Наследник посмотрел в конец книги – осталась шестьдесят одна страница. «Странно», подумал Александр и вдруг вспомнил цыганку, гадавшую ему. «Сперва разгадай, что хочет твой отец», – загадала она тогда. Перед глазами его стояло лицо отца, в последние месяцы с трудом скрывающее огромное душевное беспокойство. Скорее всего, его мучил еще и этот вопрос: почему так мало осталось страниц нашей династии?

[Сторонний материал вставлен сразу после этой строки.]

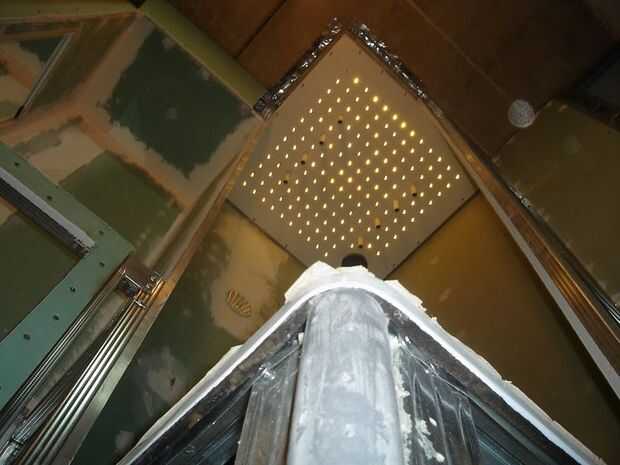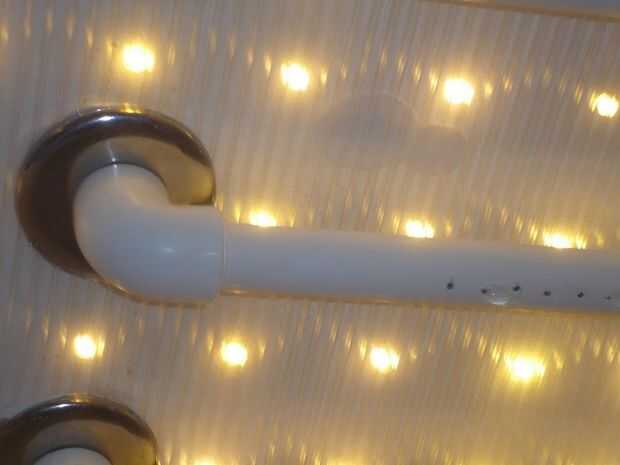 En algunas zonas tenía que utilizar algunas técnicas difíciles como la perforación de agujeros en la pared y colocar una hebra 130 LED de luces de Navidad de IKEA. Tuve que pintar la pieza de panel de yeso antes de taladrar los agujeros e instalar las luces. Luego cubrió con paneles de celular de poli carbonato e instala la cabeza de ducha tropical debajo de ellos.

«Я приведу мой народ к благоденствию и славе». Из окна был виден в сине-белом мундире город, подвластный теперь его воле, лежащий пред ним ниц…

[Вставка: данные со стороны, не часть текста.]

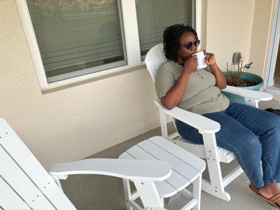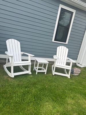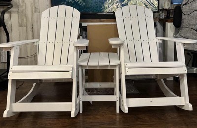 [This review was collected as part of a promotion.] Absolutely love this set. These rockers and side table were easy to put together and love how beautiful they are. Very sturdy and comfortable to relax in. The poly resin material is so nice, don’t have to worry about the weather breaking down the material. Definitely a must have for your patio!!

Александр Николаевич с чувством умиления и скорби тихо закрыл книгу.

XLV

«Я приведу мой народ к благоденствию и славе», – еще раз прочитал Николай и закрыл книгу. Губы его пересохли, а пальцы дрожали. Он необычайно ярко видел всю эту сцену, и она казалась ему неразрывно связанной с тем, что всю жизнь видел его отец. «А ведь она всегда была тут, ее надо было просто захотеть увидеть. И вместо этого я пялил глаза на мир, который пуст, пуст, пуст! Я понимаю, о, я теперь прекрасно понимаю, что видел отец. Он видел куда больше и куда лучше меня, потому что застал еще тот мир, который мне только что показался, почудился, представился…Отчего это? От мистического постижения мира, который никуда не ушел, а остался в этих вещах, в нашем позвоночнике, мозжечке? Пожалуй, в этом архиве он присутствует в более чистом виде. Это чистый спирт времени. Поднеси к нему спичку, и он так вспыхнет, что своим огнем очистит весь нынешний мир. Что же я, дурак, не читал это, не смотрел это, когда мир был у моих ног, когда я еще был полон сил, когда еще мог держать все? !»

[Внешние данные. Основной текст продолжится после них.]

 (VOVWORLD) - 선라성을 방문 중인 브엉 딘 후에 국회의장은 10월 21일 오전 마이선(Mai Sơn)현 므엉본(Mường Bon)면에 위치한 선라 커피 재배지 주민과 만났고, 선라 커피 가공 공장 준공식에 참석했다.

Николай направил коляску на кухню. Долго смотрел в окно. Почему меня из всех самодержцев забрал именно Николай Палкин? Что в нем такого? Потому что он стронул Россию с мертвой точки и она пошла под уклон? Может быть. До него ее в гору тащили на горбу, толкали под зад, волокли за уздцы, а он на самой горе не удержал. В стране рабов, стране господ царское дело – воистину сизифов труд. А с другой стороны, без царя в голове зачем царь в Кремле?

На первом этаже, где когда-то был детский сад, располагалась элитная гостиница без вывески, куда два-три раза в месяц, рано утром или уже ночью, привозили министров, депутатов Госдумы, в сопровождении эскорта машин с мигалками и сиренами. С почетными гостями толклись местные власти, народные артисты, олимпийские чемпионы, иногда сам губернатор или мэр. Помогали выйти из машин, подняться по ступенькам. Квартал оцепляли, во всех переулочках, сквериках, за будками, иногда по подъездам жались группки из двух-трех человек в камуфляже или штатском. Сколько же их, защитничков!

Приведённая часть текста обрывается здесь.